Although software failures can be safety-critical, the use of software control systems contributes to increased system safety. Software monitoring and control allows a wider range of conditions to be monitored and controlled than is possible using electro-mechanical safety systems. Software can also detect and correct safety-critical operator errors.

System Dependability

For many computer-based systems, the most important system property is the dependability of the system. The dependability of a system reflects the users degree of trust in that system. It reflects the extent of the users confidence that it will operate as users expect and that it will not fail in normal use.

System failures may have widespread effects with large numbers of people affected by the failure. The costs of a system failure may be very high if the failure leads to economic losses or physical damage. Dependability covers the related systems attributes of reliablity, availability, safety, and security. These are inter-dependent.

  • Availability: The ability of the system to deliver services when requested. Availability is expressed as probability: a percentage of the time that the system is available to deliver services.
  • Reliablity: The ability of the system to deliver services as specified. Reliablity is also expressed as probability.
  • Safety: The ability of the system to operate without catastrophic failure threating people or the environment. Reliablity and availability are necessary but not sufficient conditions for system safety.
  • Security: The ability of the system to protect itself against accidental or deliberate intrusion.

How to Achieve Safety?

  • Hazard avoidance: The system is designed so that some classes of hazard simply cannot arise.
  • Hazard detection and removal: The system is designed so that hazards are detected and removed before they result in an accident.
  • Damage limitation: The system includes protection features that minimise the damage that may result from an accident.

How Safe is Safe Enough?

Accidents are inevitable, achieving complete safety is impossible in complex systems. Accidents in complex systems rarely have a single cause as these systems are designed to be resilient to a single point of failure. This means that almost all accidents are a result of combinations of malfunctions rather than single failures. It is probably the case that anticipating all problem combinations, especially, in software controlled systems is impossible so achieving complete safety is impossible.

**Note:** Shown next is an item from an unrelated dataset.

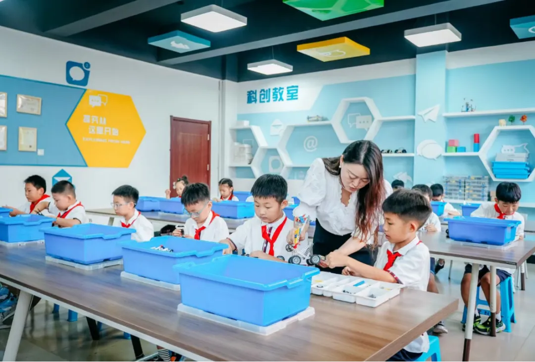 打造“一廊一坊一场一园”学习场域矩阵,推动校园空间由物理存在向育人载体转变。“一廊”即实干家风采廊,呈现各行各业实干者的奋斗足迹与榜样故事,引导学生明方向、立志向;“一坊”即创意梦工坊,融合科技实践与创意设计,激发学生的创新意识,鼓励学生动手实践;“一场”即行动π小剧场,鼓励学生讲述实干故事、分享学习成果,在分享与表达、合作与交流中增强责任意识与自信品质;“一园”即百草园,引导学生观察自然、亲历种植,体悟劳动价值,涵养踏实做事、坚持不懈的实干精神。

The answer depends greatly on the different industries:

  • "How much should we spend to avoid fatal accidents on the roads or railways?"
  • "What probability of failure should we permit for the protection system of this nuclear reactor?"
  • "What probability of failure should we permit for safety-critical aircraft components?"

Dependability Costs

Dependability costs tend to increase exponentially as increasing levels of dependability are required. There are two main reasons behind this:

  1. The use of more expensive development techniques and hardware that are required to achieve the higher levels of dependability.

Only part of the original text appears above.